Wednesday, March 4, 2020 - 4:00pm to 4:30pm
Event Calendar Category
LIDS & Stats Tea
Speaker Name
Anish Agarwal
Affiliation
LIDS
Building and Room Number
LIDS Lounge
A major bottleneck of the current Machine Learning workflow is the time consuming and error-prone engineering required to get data from a DB/warehouse so that an appropriately chosen prediction method can be applied to it.
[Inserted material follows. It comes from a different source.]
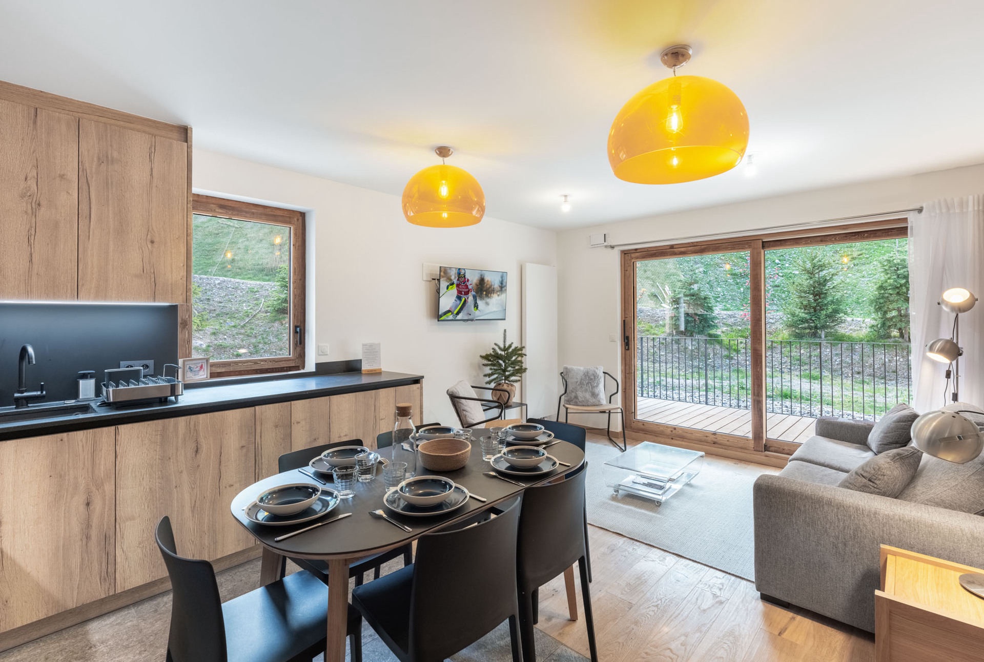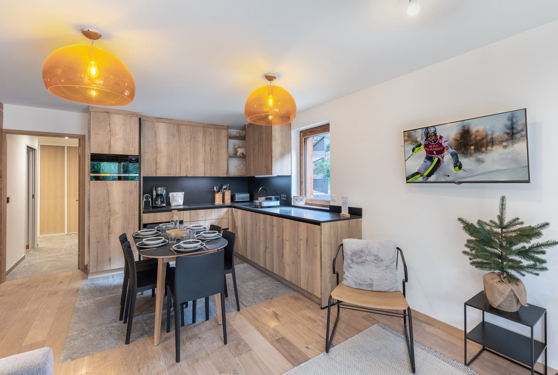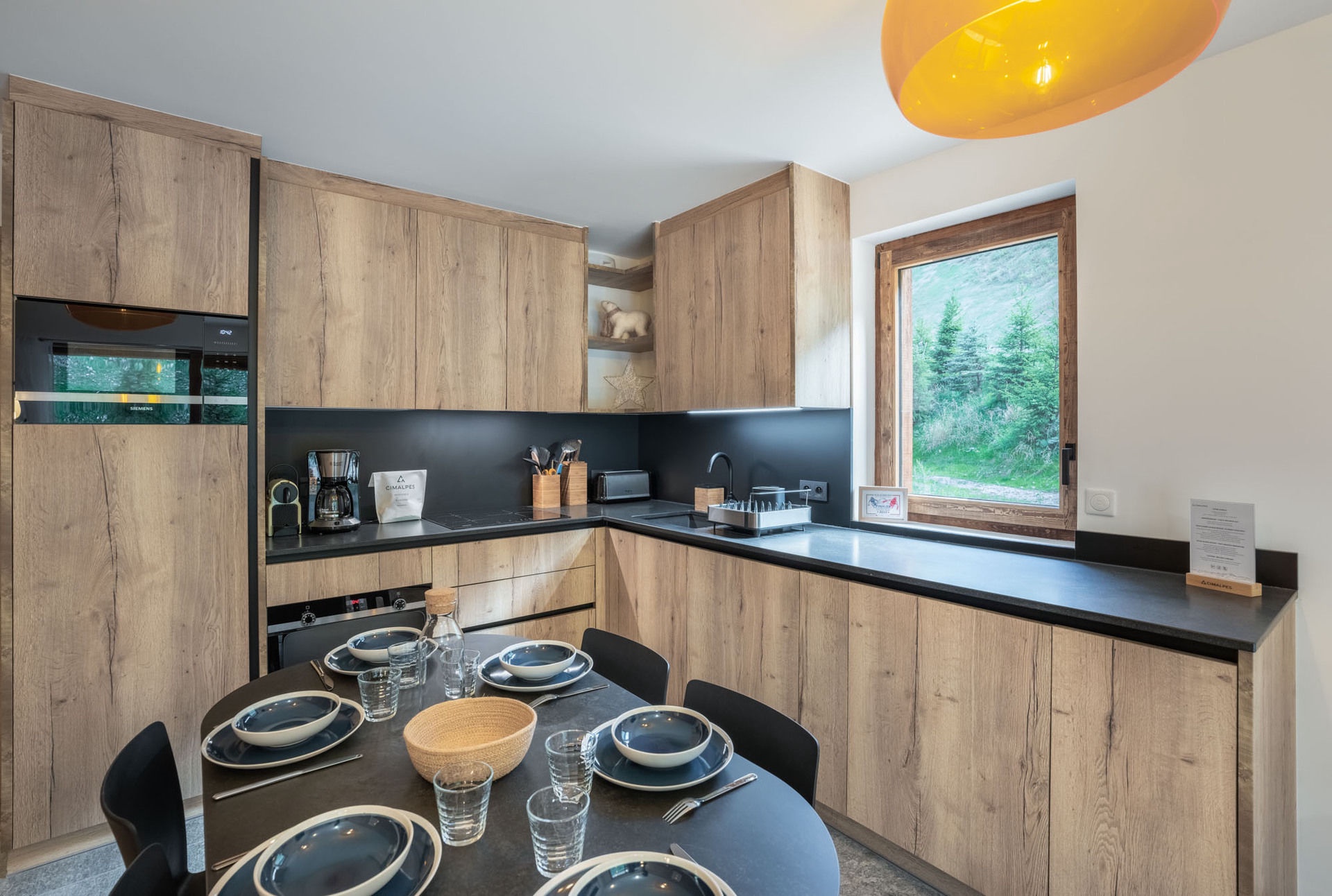 - Cuisine ouverte équipée (lave-vaisselle, plaques à induction, micro-onde, four...)

To address this challenge, the objective of this work is to explore the feasibility of direct integration of predictive functionality into a time series DB, i.e., a proof-of-concept predictive time series DB. Ideally, a predictive DB should not only have competitive statistical accuracy compared to state-of-the-art prediction algorithms (e.g. neural network-based approaches), it needs to additionally: (i) provide an intuitive user (SQL) interface for making a “predictive query”; (ii) ensure this additional predictive DB functionality does not have significant overhead, i.e., has comparable computational performance with respect to the alternative of layering a predictive model on top of a DB. As our main contribution, we explicitly instantiate such a proof-of-concept, tspDB (available at tspdb.mit.edu), which extends PostgreSQL by adding a “prediction index”. We show tspDB achieves both state of the art statistical performance (compared to modern neural network-based approaches) and is orders of magnitude more computationally efficient (in terms of time to build a prediction and time to answer a prediction query).
Anish is a 4th year Ph.D. student in LIDS advised by Prof. Munther Dahleh and Prof. Devavrat Shah. His interests are in high-dimensional statistics, systems for machine learning and the design of data marketplaces.